*** Block opens ***
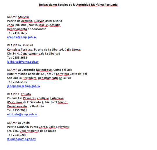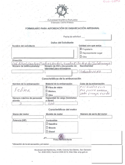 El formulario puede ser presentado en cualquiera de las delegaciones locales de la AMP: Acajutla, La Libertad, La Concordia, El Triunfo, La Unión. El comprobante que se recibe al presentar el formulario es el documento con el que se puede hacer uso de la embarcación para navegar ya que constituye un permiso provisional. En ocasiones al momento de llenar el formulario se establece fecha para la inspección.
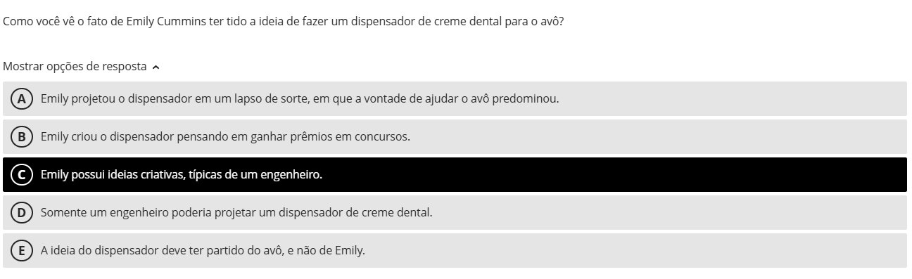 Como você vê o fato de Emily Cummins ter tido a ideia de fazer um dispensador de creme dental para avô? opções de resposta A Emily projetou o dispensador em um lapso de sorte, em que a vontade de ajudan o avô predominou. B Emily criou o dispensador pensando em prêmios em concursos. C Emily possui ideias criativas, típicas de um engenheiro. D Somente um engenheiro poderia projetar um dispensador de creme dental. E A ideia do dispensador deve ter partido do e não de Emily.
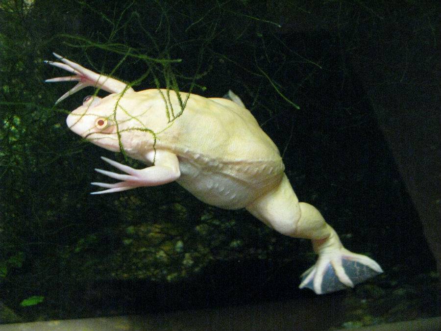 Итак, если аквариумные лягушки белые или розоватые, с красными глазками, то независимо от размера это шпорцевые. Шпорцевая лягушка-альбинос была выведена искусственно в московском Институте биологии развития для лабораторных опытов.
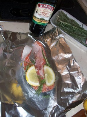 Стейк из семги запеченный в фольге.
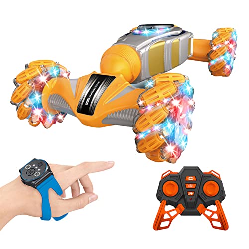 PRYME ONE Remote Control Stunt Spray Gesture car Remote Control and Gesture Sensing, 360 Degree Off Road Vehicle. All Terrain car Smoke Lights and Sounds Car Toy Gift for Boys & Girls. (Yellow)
*** Block closes ***
PROBLEM REQUIREMENTS: Return the listing unchanged except for the pictures, which should be dropped.

EXPECTED ANSWER:
 El formulario puede ser presentado en cualquiera de las delegaciones locales de la AMP: Acajutla, La Libertad, La Concordia, El Triunfo, La Unión. El comprobante que se recibe al presentar el formulario es el documento con el que se puede hacer uso de la embarcación para navegar ya que constituye un permiso provisional. En ocasiones al momento de llenar el formulario se establece fecha para la inspección.
 Como você vê o fato de Emily Cummins ter tido a ideia de fazer um dispensador de creme dental para avô? opções de resposta A Emily projetou o dispensador em um lapso de sorte, em que a vontade de ajudan o avô predominou. B Emily criou o dispensador pensando em prêmios em concursos. C Emily possui ideias criativas, típicas de um engenheiro. D Somente um engenheiro poderia projetar um dispensador de creme dental. E A ideia do dispensador deve ter partido do e não de Emily.
 Итак, если аквариумные лягушки белые или розоватые, с красными глазками, то независимо от размера это шпорцевые. Шпорцевая лягушка-альбинос была выведена искусственно в московском Институте биологии развития для лабораторных опытов.
 Стейк из семги запеченный в фольге.
 PRYME ONE Remote Control Stunt Spray Gesture car Remote Control and Gesture Sensing, 360 Degree Off Road Vehicle. All Terrain car Smoke Lights and Sounds Car Toy Gift for Boys & Girls. (Yellow)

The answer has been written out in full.